Google's YOLO Password Manager Promises "You Only Log-in Once"
Android developers will now be able to make their apps find their login data in a password manager.
Google and Dashlane have partnered to give the acronym YOLO a slightly new meaning. The Open YOLO — “You Only Login Once” — API to remove the last excuse for not using a password manager.
“To stay one-step ahead of the market demand,” Dashlane wrote in its announcement of the API, “Google and Dashlane are helping create a seamless, universally-acceptable Android app authentication solution to increase your online security.”
In simpler terms, this means that Android developers will now be able to make their apps find their login data in a password manager, request access to that data, and use it. This is much more convenient than copying an item from a password manager, switching to the other app, and pasting it in a text field.
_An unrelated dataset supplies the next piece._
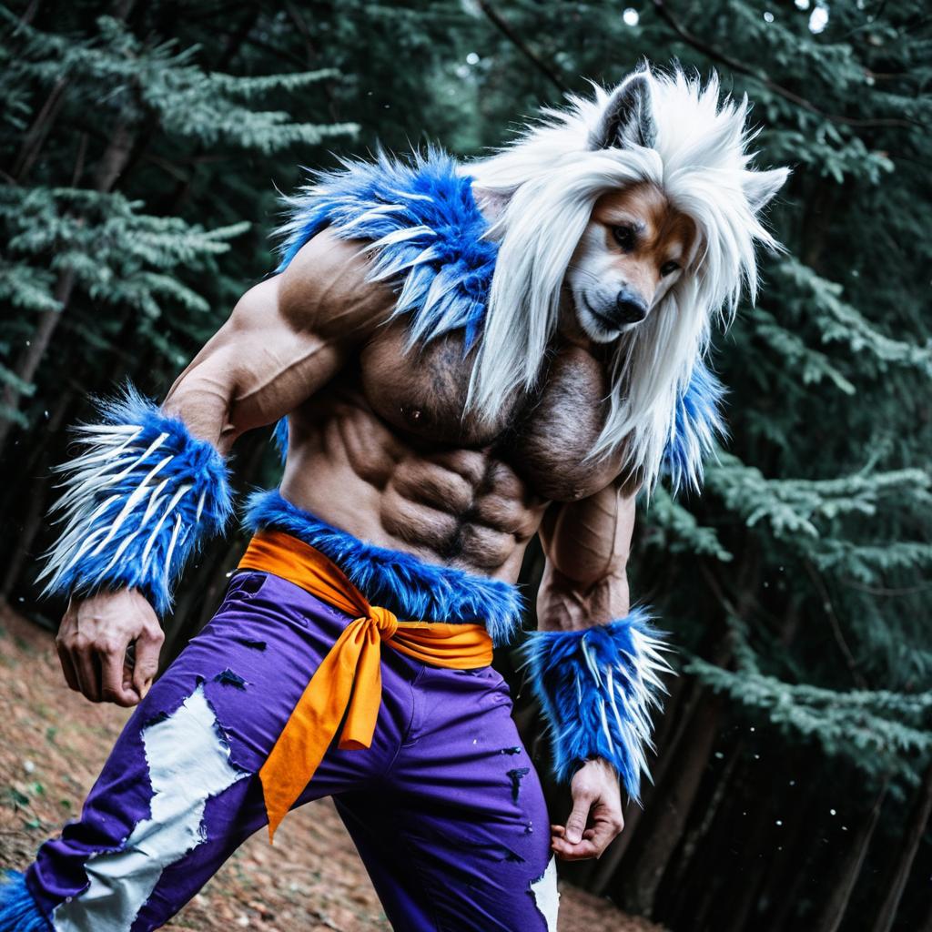 Sexy cosplay Jon Talbain, muscular furry werewolf with wild spiky white hair, blue and white fur pattern, torn purple pants, orange waist sash, Dutch angle

This means that more people can use a password manager without having to worry about being frustrated when they try to sign in to an app. That’s good news, because using a password manager is currently the easiest way to make sure your most personal information isn’t going to be compromised by a weak password.
People suck at coming up with passwords, especially if they have to replace them on a regular basis. That’s why many people use “password,” “12345678,” or some variation of a password like “ZeldaFan88” or “ZeldaFan89” on multiple sites.
Those passwords are easy to remember, but they’re also easy to guess. And even if a password is less simple, like “Rf*3PJ,6Ba,” using it across multiple websites means that a security breach on any of those sites puts all of the others at risk. The solution: Tools that create and remember passwords that are truly secure.
So if a 19-year-old Windows bug reveals your Microsoft account password, for instance you don’t have to worry about that same password being used to access your Facebook account. One failure doesn’t result in a disaster.
Password managers also have some benefits over biometric security, not least of them being the fact that hackers can’t 3D print a password to access your phone. That can’t be said for biometric security, as horrifying as that seems.
The problem is getting information out of password managers. This is easy in a web browser — most password managers offer extensions that can automatically fill information — but harder in applications. Open YOLO promises to address that issue so people don’t get frustrated and give up on improving their cybersecurity.
“This project is the first big step towards making security simple and accessible for every user, on every device,” Dashlane writes in its announcement. “In the future, we see this open API going beyond just Android devices, and becoming universally-implemented by apps and password managers across every platform and operating system. Ultimately, we look forward to expanding this collaborative project, so that it will benefit the entire security ecosystem as a whole.”
Plenty of companies are trying to kill password-based security mechanisms. But each of those systems has their own drawbacks, and until people settle on a replacement that works for everyone no matter what device they use, passwords are here to stay. Companies like Dashlane and Google might as well make them more secure.
Full Disclosure: I worked in the customer support department for 1Password, a competitor to Dashlane, for two months between April 2016 and June 2016.